TASK REQUIREMENTS: This task calls for copying each line below that contains "with".

DATA BLOCK:
○ ○ ○ ○ ○ ○ ○
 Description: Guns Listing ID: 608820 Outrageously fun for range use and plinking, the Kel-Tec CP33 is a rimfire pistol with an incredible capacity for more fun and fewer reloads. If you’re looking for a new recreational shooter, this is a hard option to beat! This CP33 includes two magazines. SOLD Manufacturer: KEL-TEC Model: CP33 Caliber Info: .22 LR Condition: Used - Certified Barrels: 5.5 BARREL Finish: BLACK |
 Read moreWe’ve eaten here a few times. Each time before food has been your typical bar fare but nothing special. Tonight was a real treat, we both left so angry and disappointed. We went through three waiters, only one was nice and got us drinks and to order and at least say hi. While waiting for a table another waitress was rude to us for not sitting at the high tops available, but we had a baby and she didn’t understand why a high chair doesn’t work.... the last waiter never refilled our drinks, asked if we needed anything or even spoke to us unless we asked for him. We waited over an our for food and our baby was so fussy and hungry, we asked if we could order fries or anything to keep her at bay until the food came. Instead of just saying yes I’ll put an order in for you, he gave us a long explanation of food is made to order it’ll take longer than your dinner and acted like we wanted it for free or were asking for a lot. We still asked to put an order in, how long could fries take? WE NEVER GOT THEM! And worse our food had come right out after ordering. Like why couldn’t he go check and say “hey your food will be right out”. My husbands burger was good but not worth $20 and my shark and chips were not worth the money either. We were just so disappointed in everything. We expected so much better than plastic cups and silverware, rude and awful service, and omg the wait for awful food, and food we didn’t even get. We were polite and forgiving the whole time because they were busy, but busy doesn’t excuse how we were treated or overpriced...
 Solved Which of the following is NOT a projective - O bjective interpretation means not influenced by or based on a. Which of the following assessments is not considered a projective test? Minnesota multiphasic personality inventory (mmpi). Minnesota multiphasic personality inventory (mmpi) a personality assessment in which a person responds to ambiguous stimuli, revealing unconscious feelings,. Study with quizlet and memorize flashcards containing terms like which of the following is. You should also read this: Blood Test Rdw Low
○ ○ ○ ○ ○ ○ ○
WRITTEN ANSWER:
 Description: Guns Listing ID: 608820 Outrageously fun for range use and plinking, the Kel-Tec CP33 is a rimfire pistol with an incredible capacity for more fun and fewer reloads. If you’re looking for a new recreational shooter, this is a hard option to beat! This CP33 includes two magazines. SOLD Manufacturer: KEL-TEC Model: CP33 Caliber Info: .22 LR Condition: Used - Certified Barrels: 5.5 BARREL Finish: BLACK |
 Solved Which of the following is NOT a projective - O bjective interpretation means not influenced by or based on a. Which of the following assessments is not considered a projective test? Minnesota multiphasic personality inventory (mmpi). Minnesota multiphasic personality inventory (mmpi) a personality assessment in which a person responds to ambiguous stimuli, revealing unconscious feelings,. Study with quizlet and memorize flashcards containing terms like which of the following is. You should also read this: Blood Test Rdw Low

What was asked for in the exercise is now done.